The young woman, on the contrary, would watch the fires zealously for her own protection, and so ensure the greater safety of the tribe. Thus, perhaps, was born the custom from which sprung the order of holy virgins who tended the eternal fires in the temples that were yet unbuilt in the still undreamed-of Rome.
Presently the entrance to the shelter in which Nat-ul was secured was darkened by the figure of a man—it was Tur. Nat-ul recognized him at once. He came to her side and knelt.
“I have kept the women from you,” he said. Gron would have torn you to pieces, and the others would have helped her. But you need not fear them. Promise me that you will not resist, or attempt to escape, and you shall be freed from your bonds permanently. Otherwise I shall have to tie you up whenever I am away, and then there is no telling what Gron may do, since you will be defenseless and I not here to keep her from you. What do you say?”
“I say that the moment my hands are freed I shall fight until I kill or am killed,” replied the girl; “and when my feet are loosed I shall run away as fast as I can.”
Tur shrugged his shoulders.
“Very well,” he said. “It will profit you nothing, unless you enjoy being always tied in this uncomfortable position.”
He stooped and commenced to work upon the knots that held her feet and ankles.
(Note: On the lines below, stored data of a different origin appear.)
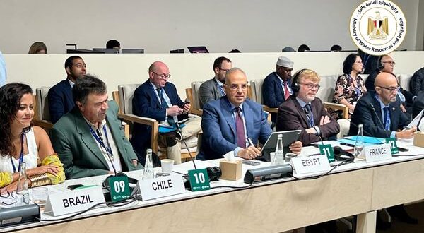 وفى كلمته بالجلسة .. أشار الدكتور سويلم لما تواجهه مصر من تحديات فى قطاع المياه والناتجة عن محدودية الموارد المائية والتى تغطى نسبة ٥٠% فقط من إحتياجاتها المائية ، فى حين تغطى الصحراء نسبة ٩٥% من مساحة مصر نتيجة ضعف التساقط المطرى ، بالإضافة للتأثيرات السلبية للتغيرات المناخية التى توثر على مصر سواء داخليا من خلال موجات الحرارة العالية والسيول الومضية وارتفاع منسوب سطح البحر أو خارجيا من خلال التأثير الغير متوقع على منابع النيل فى الوقت الذى تعتمد فيه مصر بنسبة ٩٨% على نهر النيل لتوفير المياه .
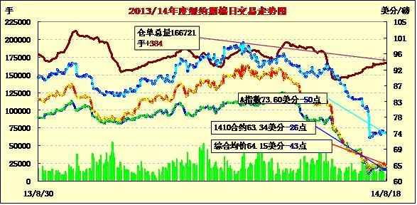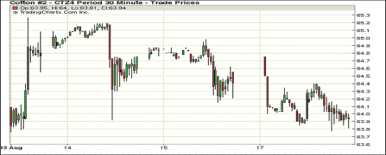 8月18日,因市場對中國需求產(chǎn)生擔憂,紐約期棉連續(xù)第三個交易日收跌,近期1410月合約結(jié)算價63.34美分/磅,跌26點;主力1412月合約結(jié)算價63.84美分/磅,跌51點;遠期1503月合約收于64.74美分/磅,跌51點。當日開盤較為平穩(wěn),主力12月合約基本在63.8-64.4美分/磅區(qū)間震蕩,中國需求擔憂打壓市場在下半場逐漸下滑,盤終三連跌。該合約自8月1日以來一直在62.00-66美分/磅之間徘徊。據(jù)海關(guān)統(tǒng)計,中國7月份進口棉花28.03萬噸,較上月增長28.4%,但同比減少17%,這引發(fā)市場對中國需求的擔憂,同時上周USDA預(yù)測美國棉花產(chǎn)量將達到四年高位,投機客看空期棉市場。
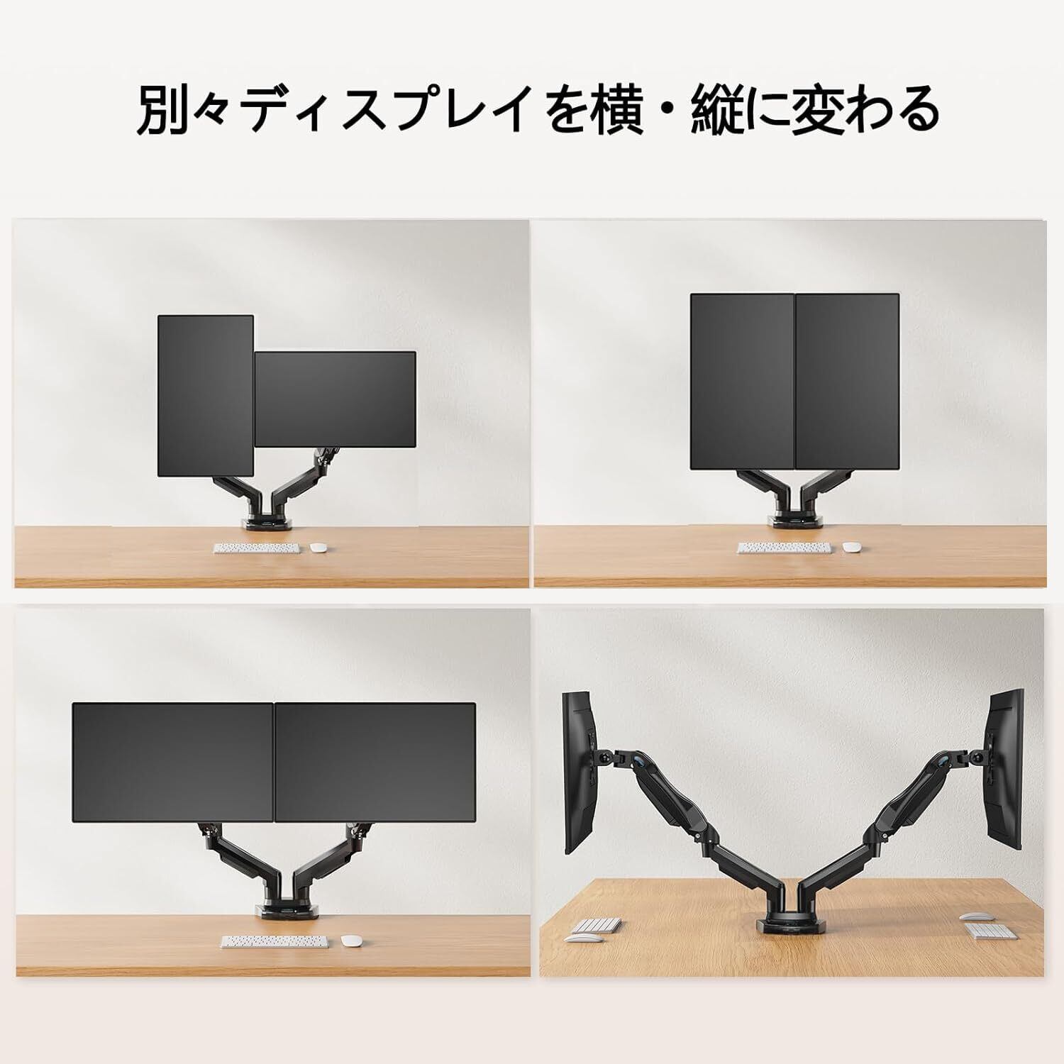 【組立・取付簡単】クランプ固定とグロメット固定二つの取付方法があります。机にしっかり固定するので、液晶ディスプレイの転倒を防ぎ、耐震にも効果があります。組立のすべて部品は付属しています、簡単に取り付けできます。商品の品質には十分注意を払っておりますが、初期不良、欠品、及び配送中の事故等での破損が生じた場合、返品や交換対応をさせていただきます。組み立てについて、何かご問題、ご不明な点がございましたら、ぜひ、ご遠慮なく、こちらに連絡してください。

Outside the shelter something slunk stealthily in the shadows. Tur did not hear the faint scraping sound of the creature’s wary advance. His back was toward the entrance of the shelter as he knelt low over the hard knots in the bullock sinews. Already he had released the cords that encircled Nat-ul’s ankles, and now he was turning his attention to those at her knees. The girl lay quietly, her face toward the lesser darkness which showed through the entrance. She would wait patiently until he had freed her, and then she would fight until the man was forced to kill her.
Suddenly she became aware of the darker shadow of a form blotting a portion of the dark entrance way. The creature was not large enough to be of the more formidable carnivora, though it might have been a hyena or a wild dog. Nat-ul was on the point of warning the man, when it occurred to her that here might be not only the quick death she now craved, but at the same time a means of revenging herself upon her captor.
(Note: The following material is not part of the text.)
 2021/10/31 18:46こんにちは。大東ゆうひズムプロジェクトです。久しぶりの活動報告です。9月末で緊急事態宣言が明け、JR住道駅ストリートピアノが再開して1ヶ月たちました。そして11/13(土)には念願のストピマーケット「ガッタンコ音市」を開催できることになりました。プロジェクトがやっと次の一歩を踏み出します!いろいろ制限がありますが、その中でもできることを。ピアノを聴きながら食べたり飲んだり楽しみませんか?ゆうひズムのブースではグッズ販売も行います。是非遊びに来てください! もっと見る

She lay very quiet while Tur labored over the last knot. Close behind the man crept the silent prowler of the night. Nat-ul could imagine the bared fangs and the slavering jowls. In another instant there would be a savage growl as the thing closed with a swift spring upon its prey.
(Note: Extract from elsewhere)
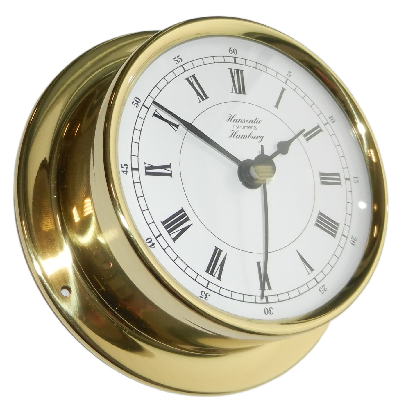 Kwarcowy zegar okrętowy mosiężny (na baterie) z tarczą o średnicy 76mm. Przeznaczony dla jachtów i innych małych jednostek.
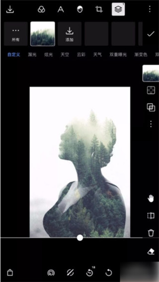 3、用户更换不同素材可以得到不同视觉效果,越暗的区域融合得越明显,你可以自由调节透明度、曝光强度等参数,打造个性化的双重曝光风格。

Or would it leap past the man upon her unprotected throat? The girl’s eyes were wide in fascinated horror. She shuddered once as in the close presence of death. The last knot loosened beneath Tur’s fingers. He jerked the cord from about the girl’s knees with a low exclamation of satisfaction.
And then Nat-ul saw the thing behind the man rear upon its hind legs and spring full upon his back. There was no savage growl—no sound. The silence of the attack rendered it infinitely more horrible than would bestial roars and growls that might have proclaimed the nature of the animal.
Tur rolled over upon his side to grapple with his antagonist. In an instant they were locked in furious combat. Nat-ul staggered to her feet. Her arms still were pinioned, but her legs were free. Here was her opportunity! Leaping over the two blood mad beasts she darted from the shelter and plunged into the nearby jungle.